Monday, February 27, 2006
Working on large scale project you get to learn that “putting things together” is one of the riskiest areas in the whole project lifecycle, yet system integration is somewhat underestimated both as an activity and as a discipline. Anyway, after participating to a large project where barbarian hordes of developers needed to integrate their own component a week before the official release date, nobody wants to repeat the same mistake twice. The current landscape in system integration currently consists in two leading approaches.
The traditional approach focuses on an early definition of stable APIs at the boundaries between the different project components (especially for those that need to be used by different teams). The idea here is to allow development of the different components to advance separately as long as possible. Overall project planning proceeds accordingly: development and integration have well defined scheduled activities
This approach has some known drawbacks: early defined APIs can’t be completely stable, due to evolving scenarios or requirements, better knowledge acquired at implementation time and so on. Moreover, APIs are never completely clear (or I never had a chance to see such a beast), so you could end up having two perfectly legal implementation of an agreed API, which are not compatible in practice. Discovering such differences at integration time might end up in a big mess, deadlines are closer now and patching the APIs or the depending implementation with schedule pressures normally harms code quality and overall system stability.
On the other hand, attention and ceremony put in APIs definition (normally documentation and blueprints are agreed and signed up by the different parties involved) makes them difficult to change before integration time.
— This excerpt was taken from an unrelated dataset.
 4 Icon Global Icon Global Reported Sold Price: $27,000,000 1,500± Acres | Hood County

One team might discover an extra need, but the change request on the API might then be agreed with several parties (which normally don’t love changing their ongoing design, or might find it a great chance to mask underlying schedule slips…) making this change process quite costly, even if it doesn’t affect code and system behaviour yet. I am tempted to define this approach “meeting room integration” ‘cause in large organization most of the effort is spent around a table.
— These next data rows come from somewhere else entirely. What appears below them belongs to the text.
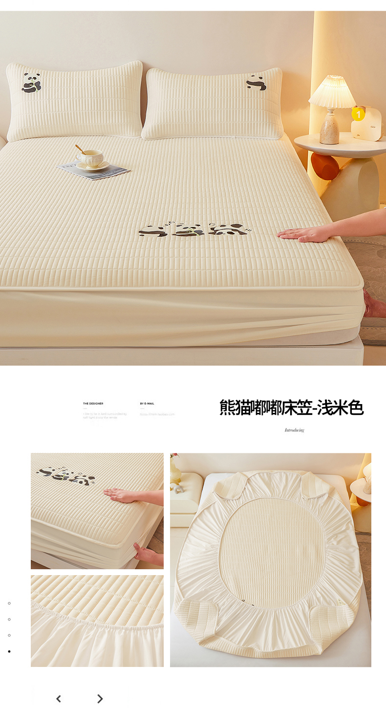 雅萱家纺 2025新款A类亲肤绣花大豆床笠-熊猫嘟嘟 熊猫嘟嘟床笠-浅米色
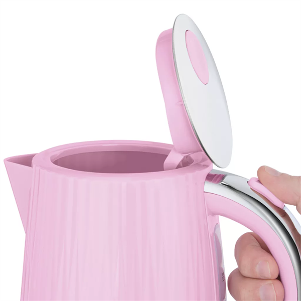 Komfortos, háztartási elektromos vízforraló málna színben, gyors és egyszerű forró italok, tea vagy főzéshez szükséges víz előállításához.
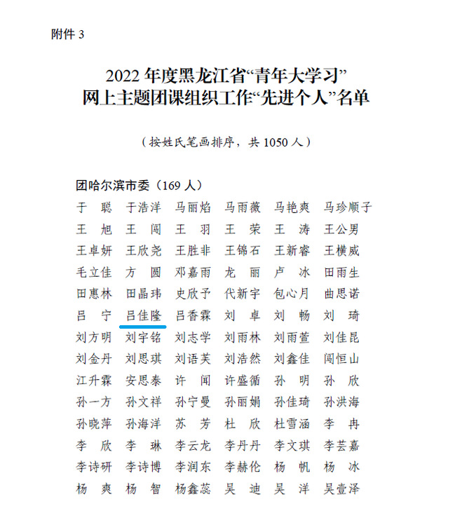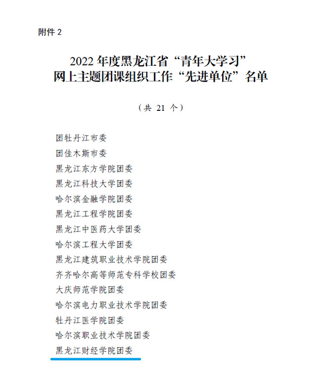 近日,由共青团黑龙江省委员会组织开展的2022年度黑龙江省“青年大学习”网上主题团课组织工作评选结果已公布,我院取得优异的成绩。人文学院团总支荣获2022年度黑龙江省“青年大学习”网上主题团课组织工作“先进集体”称号。曹英军荣获2022年度黑龙江省“青年大学习”网上主题团课组织工作“先进个人”称号。
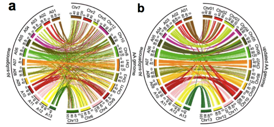 a. 亞洲棉原基因組與陸地棉基因組共線(xiàn)性分析;b. 亞洲棉更新基因組與陸地棉基因組共線(xiàn)性分析
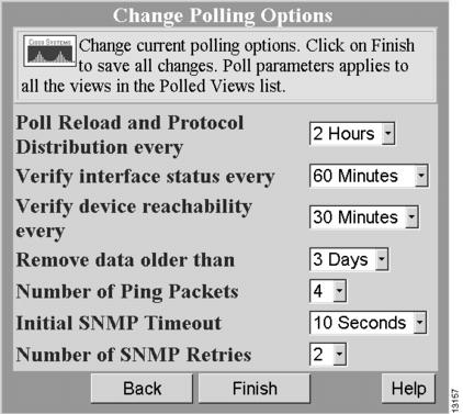 Select values from the drop-down list boxes to change any of the polling options, then click Finish.
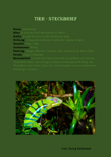Georg aus der 2b hat mit Hilfe seiner Schwester einen Steckbrief zum Chamäleon erstellt
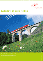 Reto Blatter, Susanne Perren u. a. Zuglektüre. On-board reading. Die Erlebnis-Bahn in den Alpen. / The Alpine-Experience Railway. 52 Seiten / pages, 73 Abbildungen s/w und vierfarbig / illustrations b/w and in four-colour printing, 21 x 29,7 cm deutscher und englischer Text / Text in German and English Broschüre (Klebebindung) / booklet herausgegeben von / published by |

More generally, the prescriptive approach weak point is the same of the waterfall development process: if everything is done properly at the right time, integration might proceed smoothly; but, if a change is required along the way, costs might rise out of control.
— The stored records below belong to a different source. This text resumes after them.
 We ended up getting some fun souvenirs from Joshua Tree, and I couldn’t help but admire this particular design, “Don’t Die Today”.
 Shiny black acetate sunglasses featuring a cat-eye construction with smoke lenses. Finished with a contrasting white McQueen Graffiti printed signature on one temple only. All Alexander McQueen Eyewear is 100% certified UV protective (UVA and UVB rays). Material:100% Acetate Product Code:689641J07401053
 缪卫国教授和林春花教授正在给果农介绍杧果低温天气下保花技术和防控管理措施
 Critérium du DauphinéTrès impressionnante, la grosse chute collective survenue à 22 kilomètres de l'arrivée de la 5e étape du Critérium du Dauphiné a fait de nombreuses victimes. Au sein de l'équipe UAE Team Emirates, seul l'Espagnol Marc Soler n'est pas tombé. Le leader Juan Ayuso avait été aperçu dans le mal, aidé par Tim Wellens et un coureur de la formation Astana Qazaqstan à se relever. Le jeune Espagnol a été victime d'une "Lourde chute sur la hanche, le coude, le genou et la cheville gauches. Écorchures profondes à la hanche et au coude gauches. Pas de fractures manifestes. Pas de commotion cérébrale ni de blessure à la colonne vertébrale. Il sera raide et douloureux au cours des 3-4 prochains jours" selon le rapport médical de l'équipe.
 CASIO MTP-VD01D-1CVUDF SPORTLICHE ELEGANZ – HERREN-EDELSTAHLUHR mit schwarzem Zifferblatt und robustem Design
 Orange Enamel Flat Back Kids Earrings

The opposite approach, was introduced by Martin Fowler’s article and became a building block of the XP and TDD approaches. Continuous Integration focuses on integrating systems as early as possible: the leading principle is that integration is a high risk area and integration costs have to be paid anyway, so integrating early helps mitigating the associated risk. Different components are then integrated while still in development in an update-build-deploy-test cycle, which can be tuned to include the latest version, or the latest stable version, or the last officially released version from the SCM system. The whole system is built and deployed in a “neutral” test environment and reports of the current state of the system are sent to all the tem members involved.
Tests (automated test) play a great role in ensuring system stability: having a comprehensive integration test suite helps spotting potential conflicts between components as early as possible, giving the project management a better grip on the overall status of the system. Comparing this approach with the previous one we might notice that a significant part of the integration test could be developed earlier, without waiting the overall system to be ready.
Of course there are some drawbacks with this approach also: relaxing stability constraints doesn’t necessarily mean “don’t design the APIs”, cost of change is paid differently, but it’s still a cost even if recent refactoring additions to common IDE introduced a significant improvement in this area. Starting integration tests early increases also the need for physical resources. If the hardware is a big cost on the overall project (or you have to rent it somehow), there might be constraints on test hardware availability. Same result may arise from organizational constraints: if the hardware is provided from another department you might have a looser control on hardware planning.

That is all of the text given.